§ Dataset:
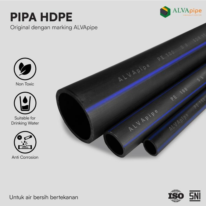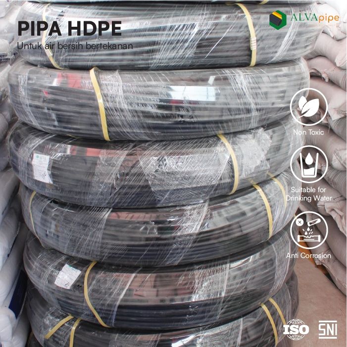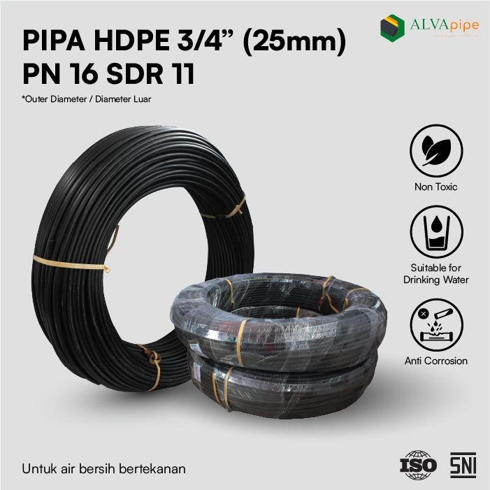 AlvApipe Pipa Air HDPE 3/4 Inch (25 mm) Tahan Korosi & Tekanan Tinggi PN 16 - Per Roll (250 Meter)
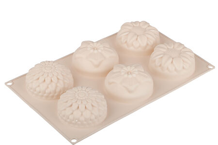 Силиконовая форма VETTA «Цветы» с шестью ячейками удобна для приготовления мини-кексов, пирожных, капкейков, сырников, а также фигурного желе. Изделия в виде цветов получаются красивыми и аппетитными, не прилипают к стенкам формы, легко извлекаются. Форма изготовлена из безопасного пищевого силикона, имеет диапазон рабочих температур от -40 до 240 градусов, поэтому ее можно использовать в духовом шкафу, микроволновой печи, морозильной камере и мыть в посудомоечной машине.
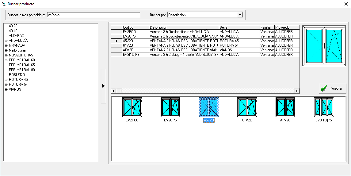 AYUDA MetalSoftBusca productos de despiece. Puede seleccionar la serie desde la pantalla izquierda o bien teclear en el recuadro superior para filtrar los resultados. El programa filtrará y ordenará los resultados por la opción elegida en el desplegable "Buscar por:". Adicionalmente puede usar el asterisco "*" como comodín para realizar búsquedas complejas sin necesidad de escribir todo el texto de lo que esté buscando, por ejemplo, podría buscar todos los productos de 2 hojas oscilobatientes buscando por descripción y tecleando "*2 h*osc". Seleccione el producto deseado y pulse Aceptar para cargar el producto en la pantalla de Cálculo de precios .
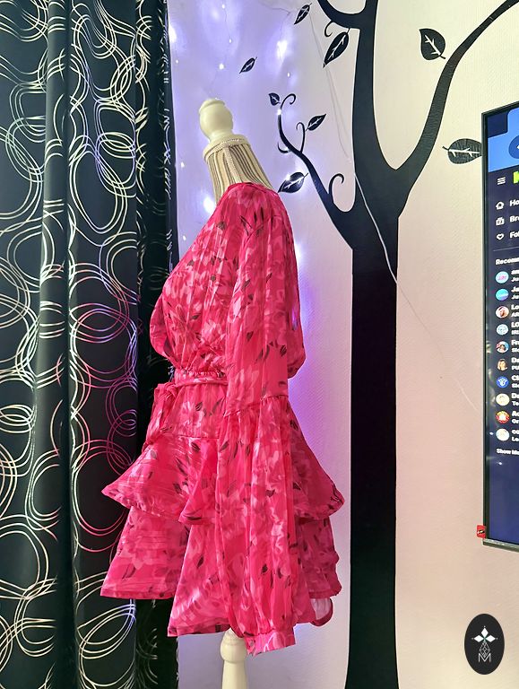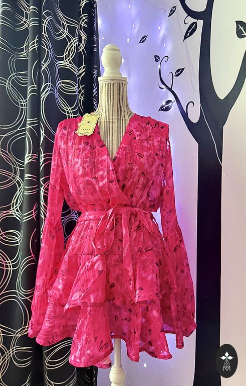 Suknelė buvo nupirkta, bet nepavyko nė karto niekur apsivilkti, ir dabar jau nebesivilksiu, jei per metus nė karto neapsivilkau. Labai gražios rankovės ir sijonas. Diržą galima rišti tiek priekyje, tiek gale. Dydis S, bet tiks ir M!
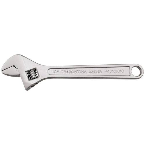 Sua caixa de ferramentas vai ficar ainda mais completa com a Chave Ajustável para Porcas 6 polegadas Tramontina com Corpo Forjado em Aço Carbono Cromado. Esse produto é super versátil e ajustável, perfeito para ser utilizado em porcas e parafusos de diferentes tamanhos! E o melhor de tudo, esse item foi forjado inteiramente em aço carbono cromado, para maior resistência durante o uso. Praticidade em seus afazeres, é com Tramontina! Orientações Acabamento cromado.O aço especial empregado na fabricação do produto, aliado à têmpera garantem maior resistência.A escala em milímetros, marcada a laser, no mordente do produto facilita o ajuste do tamanho do parafuso.Ferramenta muito versátil.As ferramentas são produzidas e testadas conforme normas específicas. Observações Use óculos, luvas e outros equipamentos de proteção de acordo com a tarefa a ser executada. Não golpeie as chaves, a não ser que sejam projetadas para este fim. Sempre utilize uma chave de bitola correta para cada parafuso ou porca para que não haja folga, pois isso danifica a chave e o parafuso. Mantenha a chave limpa para um melhor agarre, pois usá-la suja com graxa ou óleo pode causar acidentes. Não use tubos ou extensões para obter mais torque. Não altere a forma original das chaves. Armazene em local limpo e seco. Características Gerais EAN13 7891114068290 DUN14 17891114068297 NCM 8204.12.00 Peso Líquido 0,1400 kg. Peso Bruto 0,1400 kg. Metragem 0,000330 m³. Dimensões Embalagem (Compr. X Larg. X Alt.) 220x 75x 20 mm. Dimensões Produto (Compr. X Larg. X Alt.) 155x 45x 11 mm. Dimensão Extra A 45,0 mm. Dimensão Extra B 155,0 mm. Dimensão Extra C 19,5 mm. Dimensão Extra D 5,5 mm. Dimensão Extra E 11,0 mm.
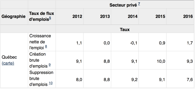 Extraits choisis par le Moniteur de l’emploi . Lire la suite @ Statistique Canada. Tableau 33-10-0089-01 Débits de l’emploi du secteur des entreprises, par secteur, par province ou territoire
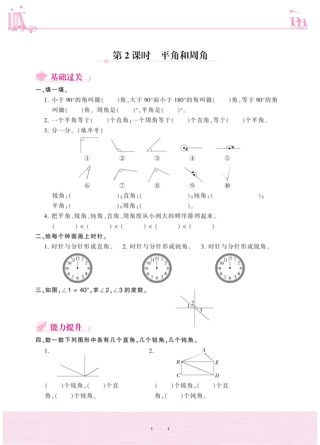 2020上册四年级数学冀教版 四 线和角 2. 角——第2课时 平角和周角
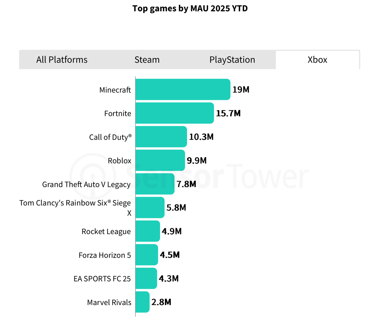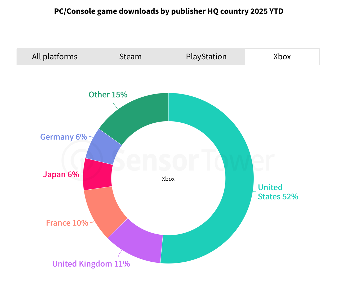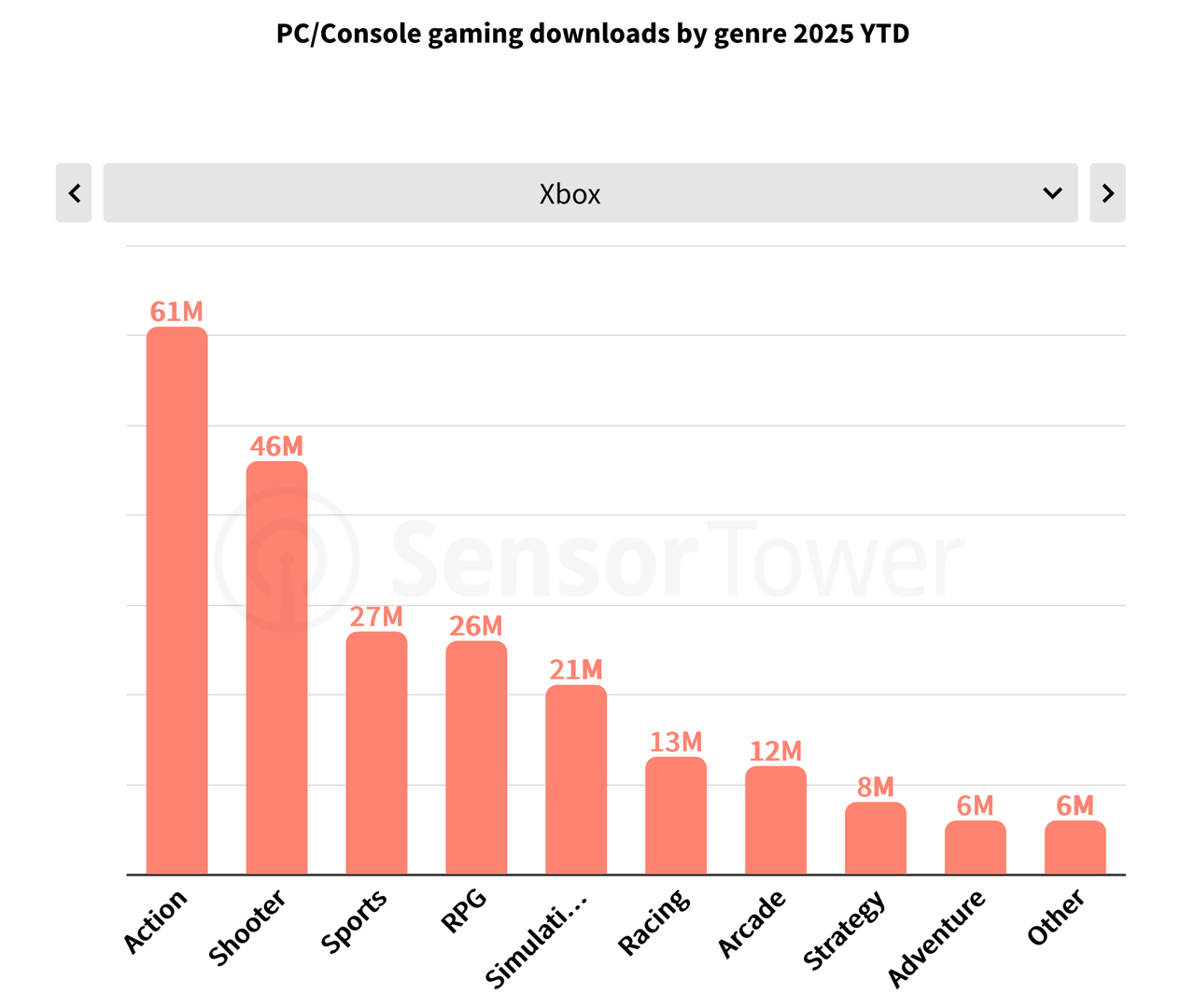 虽然排名第二,但PlayStation平台的表现依旧强劲,下载量达到了3.76亿。这体现了其作为主机领域领导者的地位,以及强大的国际市场渗透率;而Xbox尽管总下载量落后,但凭借Game Pass和跨平台兼容性,仍保持着可观的市场份额。
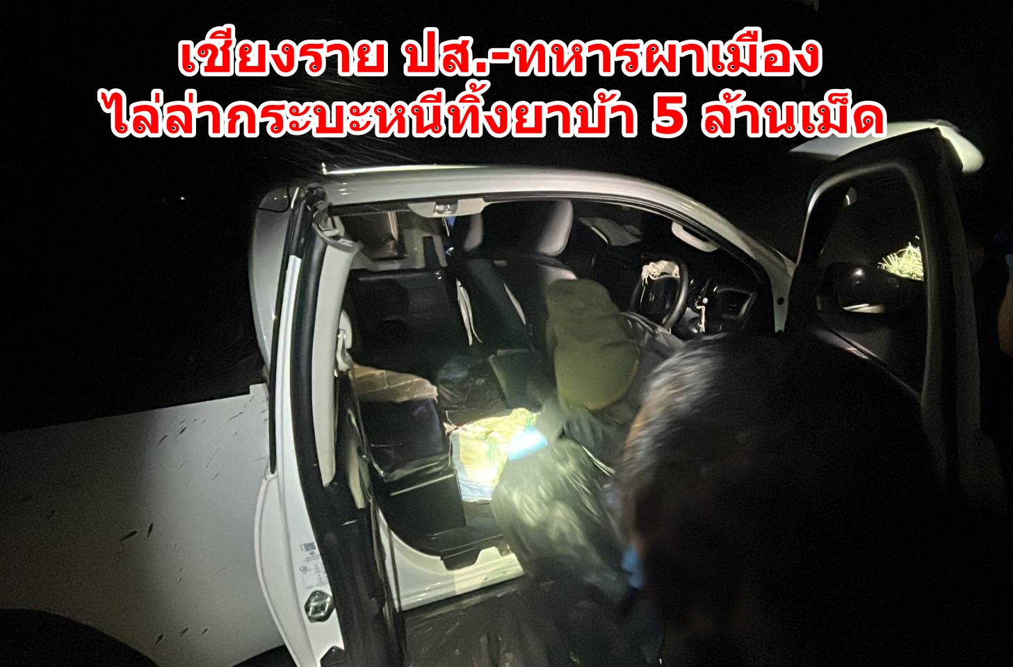 เชียงราย ปส.-ทหารผาเมือง ไล่ล่ากระบะหนีทิ้งยาบ้า 5 ล้านเม็ด
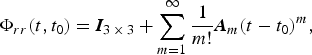 $${\bi \Phi} _{rr} (t,t_0 ) = {\bi I}_{3 \,\times\, 3} + \sum\limits_{m = 1}^\infty {\displaystyle{1 \over {m!}}{\bi A}_m (t - t_0 )^m,} $$
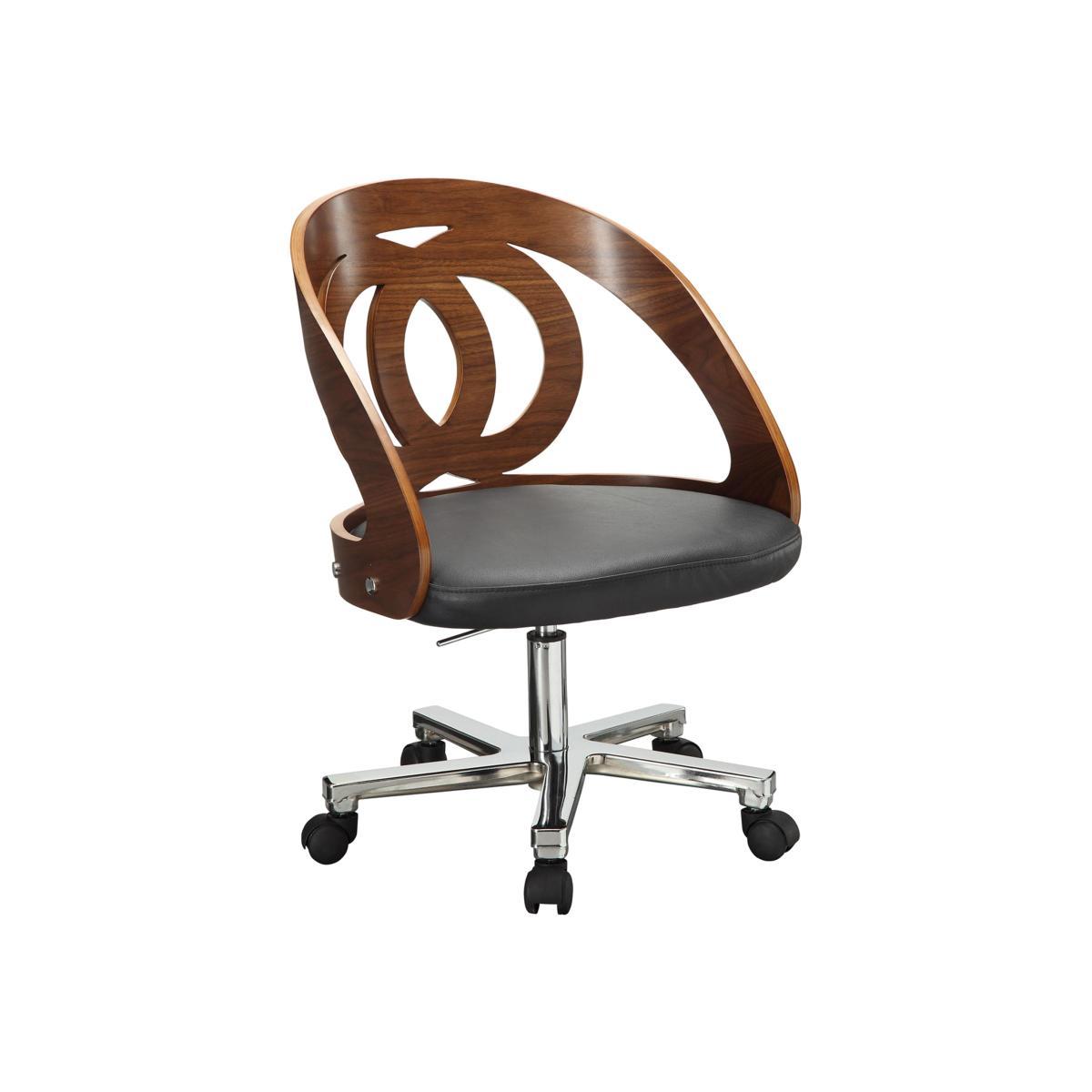 Beautifully curved and with a smooth walnut veneer finish, each piece in the East Street collection brings understated elegance to any home office. Choose from a range of desks in different sizes and designs, and pair your favourite with either the fixed chair or the swivel chair with stunning cut-out veneer back. Drawer units and a bookcase complete this collection of furniture that combines everyday functionality with creative contemporary design. Order by 3.00 pm for fast next working day delivery. Most pieces require easy self-assembly. A Furniture Village online exclusive. Bring the wow factor to the working day with the incredible-value – and incredibly stylish –East Street swivel chair. Beautifully designed and made, this comfortable office chair features a stunning and curvaceous walnut veneer back with an elegant cut-out design. The seat is well-padded and upholstered in black faux leather and the swivel base has a chrome-effect finish. This gorgeous chair is the perfect choice for a living room work station, as it blends comfortable functionality with distinctive contemporary style. Part of the East Street collection of home office and storage furniture, the East Street swivel chair is yours with fast, next working day delivery – just order by 3.00 pm. Pair it with the East Street large desk and create a place to work that’s just more inspiring.

§ Task brief: Pictures excluded, repeat the material above from its first line through the line containing "Suknelė buvo nupirkta, bet", both included.

§ Problem solution:
 AlvApipe Pipa Air HDPE 3/4 Inch (25 mm) Tahan Korosi & Tekanan Tinggi PN 16 - Per Roll (250 Meter)
 Силиконовая форма VETTA «Цветы» с шестью ячейками удобна для приготовления мини-кексов, пирожных, капкейков, сырников, а также фигурного желе. Изделия в виде цветов получаются красивыми и аппетитными, не прилипают к стенкам формы, легко извлекаются. Форма изготовлена из безопасного пищевого силикона, имеет диапазон рабочих температур от -40 до 240 градусов, поэтому ее можно использовать в духовом шкафу, микроволновой печи, морозильной камере и мыть в посудомоечной машине.
 AYUDA MetalSoftBusca productos de despiece. Puede seleccionar la serie desde la pantalla izquierda o bien teclear en el recuadro superior para filtrar los resultados. El programa filtrará y ordenará los resultados por la opción elegida en el desplegable "Buscar por:". Adicionalmente puede usar el asterisco "*" como comodín para realizar búsquedas complejas sin necesidad de escribir todo el texto de lo que esté buscando, por ejemplo, podría buscar todos los productos de 2 hojas oscilobatientes buscando por descripción y tecleando "*2 h*osc". Seleccione el producto deseado y pulse Aceptar para cargar el producto en la pantalla de Cálculo de precios .
 Suknelė buvo nupirkta, bet nepavyko nė karto niekur apsivilkti, ir dabar jau nebesivilksiu, jei per metus nė karto neapsivilkau. Labai gražios rankovės ir sijonas. Diržą galima rišti tiek priekyje, tiek gale. Dydis S, bet tiks ir M!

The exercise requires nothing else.